▶ Assignment
The expected result is an exact restatement of the data, free of pictures.

▶ Data segment
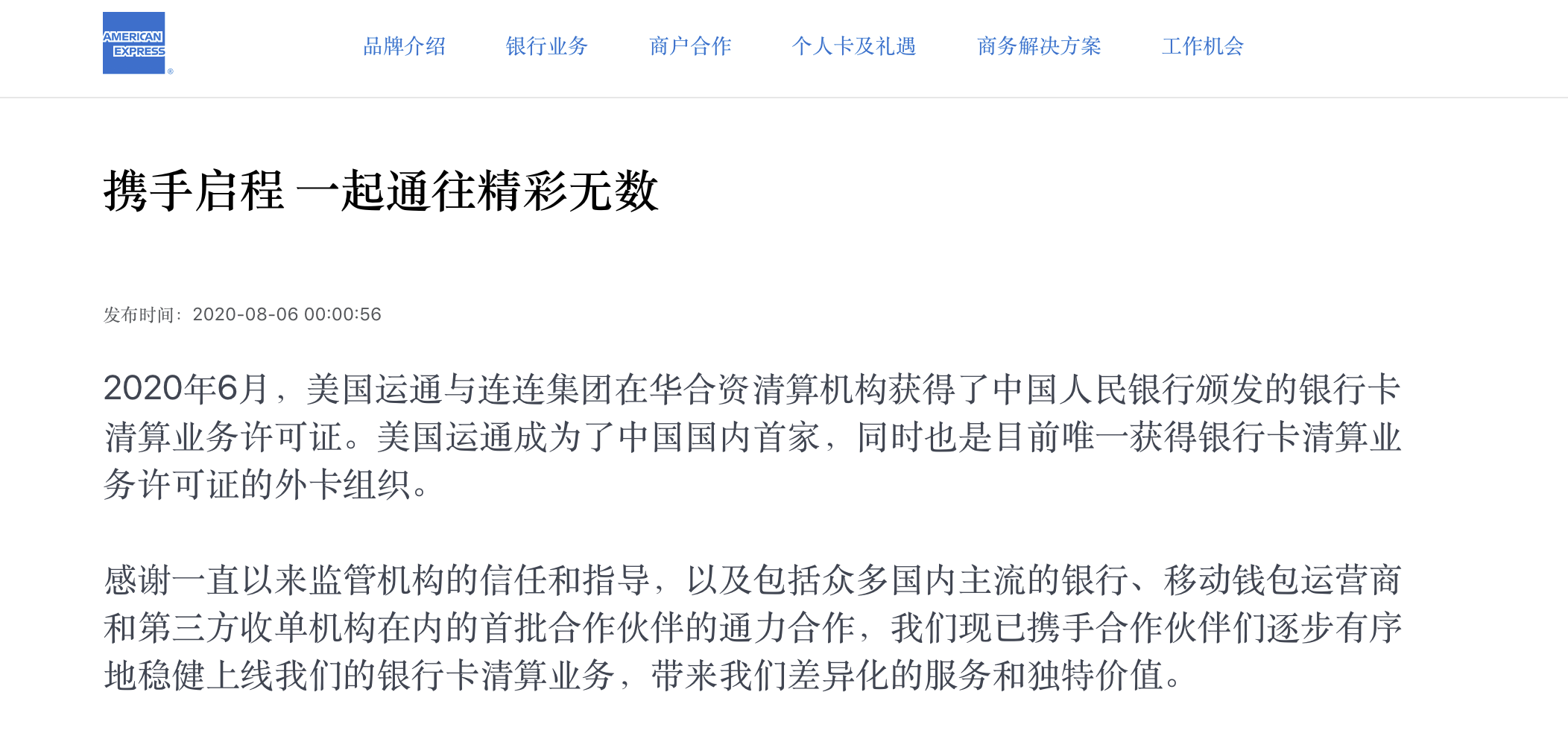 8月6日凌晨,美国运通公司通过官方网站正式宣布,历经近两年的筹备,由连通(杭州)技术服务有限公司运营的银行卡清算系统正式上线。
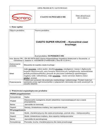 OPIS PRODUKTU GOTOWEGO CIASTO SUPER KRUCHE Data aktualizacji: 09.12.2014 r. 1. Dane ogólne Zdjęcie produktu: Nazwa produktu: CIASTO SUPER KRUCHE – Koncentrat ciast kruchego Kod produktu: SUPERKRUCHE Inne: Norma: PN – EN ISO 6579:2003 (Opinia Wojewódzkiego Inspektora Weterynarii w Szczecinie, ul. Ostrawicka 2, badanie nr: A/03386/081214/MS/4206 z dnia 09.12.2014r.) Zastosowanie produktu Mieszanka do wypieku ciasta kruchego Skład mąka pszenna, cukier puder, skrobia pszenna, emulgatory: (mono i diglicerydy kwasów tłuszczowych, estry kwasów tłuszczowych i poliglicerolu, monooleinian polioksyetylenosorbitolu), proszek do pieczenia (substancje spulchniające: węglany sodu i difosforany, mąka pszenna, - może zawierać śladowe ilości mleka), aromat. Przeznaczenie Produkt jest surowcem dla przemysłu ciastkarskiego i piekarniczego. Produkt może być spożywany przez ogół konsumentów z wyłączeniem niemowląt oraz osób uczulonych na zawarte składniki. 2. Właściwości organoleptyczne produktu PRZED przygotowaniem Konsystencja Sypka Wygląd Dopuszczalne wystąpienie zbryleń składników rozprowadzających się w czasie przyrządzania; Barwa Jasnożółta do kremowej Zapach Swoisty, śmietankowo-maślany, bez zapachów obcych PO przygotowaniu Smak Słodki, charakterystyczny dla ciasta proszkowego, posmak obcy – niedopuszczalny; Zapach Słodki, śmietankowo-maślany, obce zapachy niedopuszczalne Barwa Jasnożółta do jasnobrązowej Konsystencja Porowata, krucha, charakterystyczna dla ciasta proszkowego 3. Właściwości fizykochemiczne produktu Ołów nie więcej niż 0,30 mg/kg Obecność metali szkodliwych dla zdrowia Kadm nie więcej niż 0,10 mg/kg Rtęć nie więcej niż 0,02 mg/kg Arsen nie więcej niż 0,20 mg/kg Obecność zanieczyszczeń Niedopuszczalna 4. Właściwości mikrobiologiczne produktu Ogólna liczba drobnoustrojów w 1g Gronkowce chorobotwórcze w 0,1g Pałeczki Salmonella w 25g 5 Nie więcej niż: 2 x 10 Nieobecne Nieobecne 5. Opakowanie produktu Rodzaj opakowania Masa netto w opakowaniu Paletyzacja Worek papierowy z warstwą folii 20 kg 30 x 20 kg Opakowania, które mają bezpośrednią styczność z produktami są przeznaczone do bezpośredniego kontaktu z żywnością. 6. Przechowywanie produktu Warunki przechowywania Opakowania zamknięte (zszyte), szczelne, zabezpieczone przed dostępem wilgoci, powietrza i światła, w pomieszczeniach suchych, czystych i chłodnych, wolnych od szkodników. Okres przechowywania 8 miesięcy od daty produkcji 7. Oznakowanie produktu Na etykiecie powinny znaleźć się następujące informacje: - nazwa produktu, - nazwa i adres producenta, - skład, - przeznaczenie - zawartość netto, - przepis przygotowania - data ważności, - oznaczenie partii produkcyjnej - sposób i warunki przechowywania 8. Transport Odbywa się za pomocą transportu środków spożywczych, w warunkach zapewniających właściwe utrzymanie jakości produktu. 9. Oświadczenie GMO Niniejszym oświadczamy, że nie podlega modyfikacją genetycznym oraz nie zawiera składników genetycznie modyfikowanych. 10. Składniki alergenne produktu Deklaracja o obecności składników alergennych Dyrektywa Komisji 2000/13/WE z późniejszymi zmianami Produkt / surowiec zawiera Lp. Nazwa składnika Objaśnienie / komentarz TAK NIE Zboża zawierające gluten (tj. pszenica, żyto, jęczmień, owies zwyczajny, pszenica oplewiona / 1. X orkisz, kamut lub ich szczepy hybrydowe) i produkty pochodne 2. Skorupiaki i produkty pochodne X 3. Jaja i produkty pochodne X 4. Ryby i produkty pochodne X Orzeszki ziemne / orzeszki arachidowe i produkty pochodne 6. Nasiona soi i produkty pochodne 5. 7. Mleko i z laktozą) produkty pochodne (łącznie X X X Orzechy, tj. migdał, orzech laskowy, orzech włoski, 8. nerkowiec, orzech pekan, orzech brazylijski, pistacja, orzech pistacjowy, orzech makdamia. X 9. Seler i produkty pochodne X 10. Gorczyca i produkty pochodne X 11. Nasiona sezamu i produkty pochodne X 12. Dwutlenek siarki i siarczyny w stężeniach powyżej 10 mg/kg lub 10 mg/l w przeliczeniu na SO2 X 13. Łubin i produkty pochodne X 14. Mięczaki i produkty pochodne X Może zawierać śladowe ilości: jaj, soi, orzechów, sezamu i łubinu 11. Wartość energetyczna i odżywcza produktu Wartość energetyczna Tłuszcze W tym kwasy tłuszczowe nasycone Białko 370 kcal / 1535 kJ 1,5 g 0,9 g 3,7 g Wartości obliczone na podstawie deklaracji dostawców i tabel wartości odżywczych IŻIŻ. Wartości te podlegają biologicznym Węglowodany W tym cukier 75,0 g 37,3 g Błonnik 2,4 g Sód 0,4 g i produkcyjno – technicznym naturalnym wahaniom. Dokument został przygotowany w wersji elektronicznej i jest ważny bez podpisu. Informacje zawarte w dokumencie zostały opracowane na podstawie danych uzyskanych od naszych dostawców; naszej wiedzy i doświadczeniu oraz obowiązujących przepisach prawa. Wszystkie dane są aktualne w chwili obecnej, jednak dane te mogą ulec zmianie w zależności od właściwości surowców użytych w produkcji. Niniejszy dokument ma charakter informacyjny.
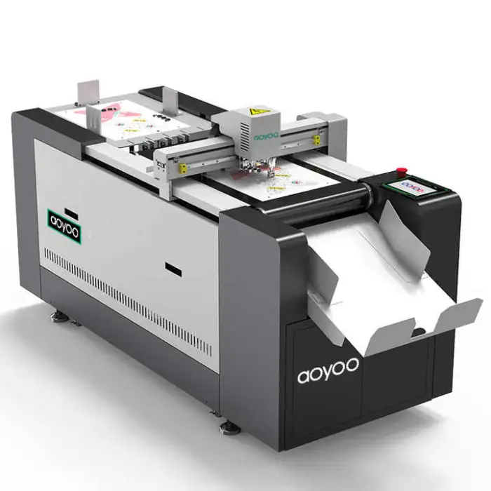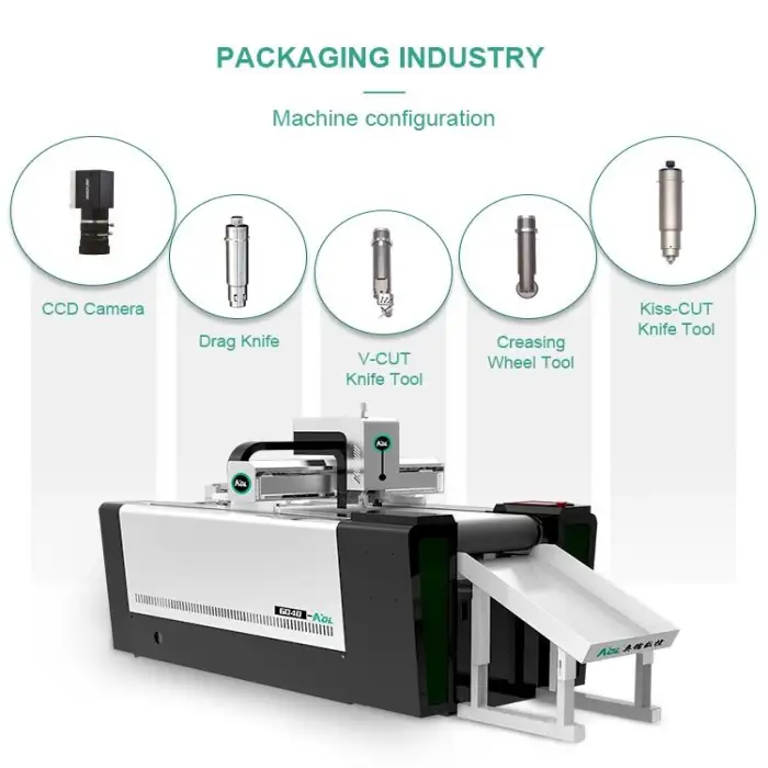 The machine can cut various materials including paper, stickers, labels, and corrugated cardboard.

▶ Task solution
 8月6日凌晨,美国运通公司通过官方网站正式宣布,历经近两年的筹备,由连通(杭州)技术服务有限公司运营的银行卡清算系统正式上线。
 OPIS PRODUKTU GOTOWEGO CIASTO SUPER KRUCHE Data aktualizacji: 09.12.2014 r. 1. Dane ogólne Zdjęcie produktu: Nazwa produktu: CIASTO SUPER KRUCHE – Koncentrat ciast kruchego Kod produktu: SUPERKRUCHE Inne: Norma: PN – EN ISO 6579:2003 (Opinia Wojewódzkiego Inspektora Weterynarii w Szczecinie, ul. Ostrawicka 2, badanie nr: A/03386/081214/MS/4206 z dnia 09.12.2014r.) Zastosowanie produktu Mieszanka do wypieku ciasta kruchego Skład mąka pszenna, cukier puder, skrobia pszenna, emulgatory: (mono i diglicerydy kwasów tłuszczowych, estry kwasów tłuszczowych i poliglicerolu, monooleinian polioksyetylenosorbitolu), proszek do pieczenia (substancje spulchniające: węglany sodu i difosforany, mąka pszenna, - może zawierać śladowe ilości mleka), aromat. Przeznaczenie Produkt jest surowcem dla przemysłu ciastkarskiego i piekarniczego. Produkt może być spożywany przez ogół konsumentów z wyłączeniem niemowląt oraz osób uczulonych na zawarte składniki. 2. Właściwości organoleptyczne produktu PRZED przygotowaniem Konsystencja Sypka Wygląd Dopuszczalne wystąpienie zbryleń składników rozprowadzających się w czasie przyrządzania; Barwa Jasnożółta do kremowej Zapach Swoisty, śmietankowo-maślany, bez zapachów obcych PO przygotowaniu Smak Słodki, charakterystyczny dla ciasta proszkowego, posmak obcy – niedopuszczalny; Zapach Słodki, śmietankowo-maślany, obce zapachy niedopuszczalne Barwa Jasnożółta do jasnobrązowej Konsystencja Porowata, krucha, charakterystyczna dla ciasta proszkowego 3. Właściwości fizykochemiczne produktu Ołów nie więcej niż 0,30 mg/kg Obecność metali szkodliwych dla zdrowia Kadm nie więcej niż 0,10 mg/kg Rtęć nie więcej niż 0,02 mg/kg Arsen nie więcej niż 0,20 mg/kg Obecność zanieczyszczeń Niedopuszczalna 4. Właściwości mikrobiologiczne produktu Ogólna liczba drobnoustrojów w 1g Gronkowce chorobotwórcze w 0,1g Pałeczki Salmonella w 25g 5 Nie więcej niż: 2 x 10 Nieobecne Nieobecne 5. Opakowanie produktu Rodzaj opakowania Masa netto w opakowaniu Paletyzacja Worek papierowy z warstwą folii 20 kg 30 x 20 kg Opakowania, które mają bezpośrednią styczność z produktami są przeznaczone do bezpośredniego kontaktu z żywnością. 6. Przechowywanie produktu Warunki przechowywania Opakowania zamknięte (zszyte), szczelne, zabezpieczone przed dostępem wilgoci, powietrza i światła, w pomieszczeniach suchych, czystych i chłodnych, wolnych od szkodników. Okres przechowywania 8 miesięcy od daty produkcji 7. Oznakowanie produktu Na etykiecie powinny znaleźć się następujące informacje: - nazwa produktu, - nazwa i adres producenta, - skład, - przeznaczenie - zawartość netto, - przepis przygotowania - data ważności, - oznaczenie partii produkcyjnej - sposób i warunki przechowywania 8. Transport Odbywa się za pomocą transportu środków spożywczych, w warunkach zapewniających właściwe utrzymanie jakości produktu. 9. Oświadczenie GMO Niniejszym oświadczamy, że nie podlega modyfikacją genetycznym oraz nie zawiera składników genetycznie modyfikowanych. 10. Składniki alergenne produktu Deklaracja o obecności składników alergennych Dyrektywa Komisji 2000/13/WE z późniejszymi zmianami Produkt / surowiec zawiera Lp. Nazwa składnika Objaśnienie / komentarz TAK NIE Zboża zawierające gluten (tj. pszenica, żyto, jęczmień, owies zwyczajny, pszenica oplewiona / 1. X orkisz, kamut lub ich szczepy hybrydowe) i produkty pochodne 2. Skorupiaki i produkty pochodne X 3. Jaja i produkty pochodne X 4. Ryby i produkty pochodne X Orzeszki ziemne / orzeszki arachidowe i produkty pochodne 6. Nasiona soi i produkty pochodne 5. 7. Mleko i z laktozą) produkty pochodne (łącznie X X X Orzechy, tj. migdał, orzech laskowy, orzech włoski, 8. nerkowiec, orzech pekan, orzech brazylijski, pistacja, orzech pistacjowy, orzech makdamia. X 9. Seler i produkty pochodne X 10. Gorczyca i produkty pochodne X 11. Nasiona sezamu i produkty pochodne X 12. Dwutlenek siarki i siarczyny w stężeniach powyżej 10 mg/kg lub 10 mg/l w przeliczeniu na SO2 X 13. Łubin i produkty pochodne X 14. Mięczaki i produkty pochodne X Może zawierać śladowe ilości: jaj, soi, orzechów, sezamu i łubinu 11. Wartość energetyczna i odżywcza produktu Wartość energetyczna Tłuszcze W tym kwasy tłuszczowe nasycone Białko 370 kcal / 1535 kJ 1,5 g 0,9 g 3,7 g Wartości obliczone na podstawie deklaracji dostawców i tabel wartości odżywczych IŻIŻ. Wartości te podlegają biologicznym Węglowodany W tym cukier 75,0 g 37,3 g Błonnik 2,4 g Sód 0,4 g i produkcyjno – technicznym naturalnym wahaniom. Dokument został przygotowany w wersji elektronicznej i jest ważny bez podpisu. Informacje zawarte w dokumencie zostały opracowane na podstawie danych uzyskanych od naszych dostawców; naszej wiedzy i doświadczeniu oraz obowiązujących przepisach prawa. Wszystkie dane są aktualne w chwili obecnej, jednak dane te mogą ulec zmianie w zależności od właściwości surowców użytych w produkcji. Niniejszy dokument ma charakter informacyjny.
 The machine can cut various materials including paper, stickers, labels, and corrugated cardboard.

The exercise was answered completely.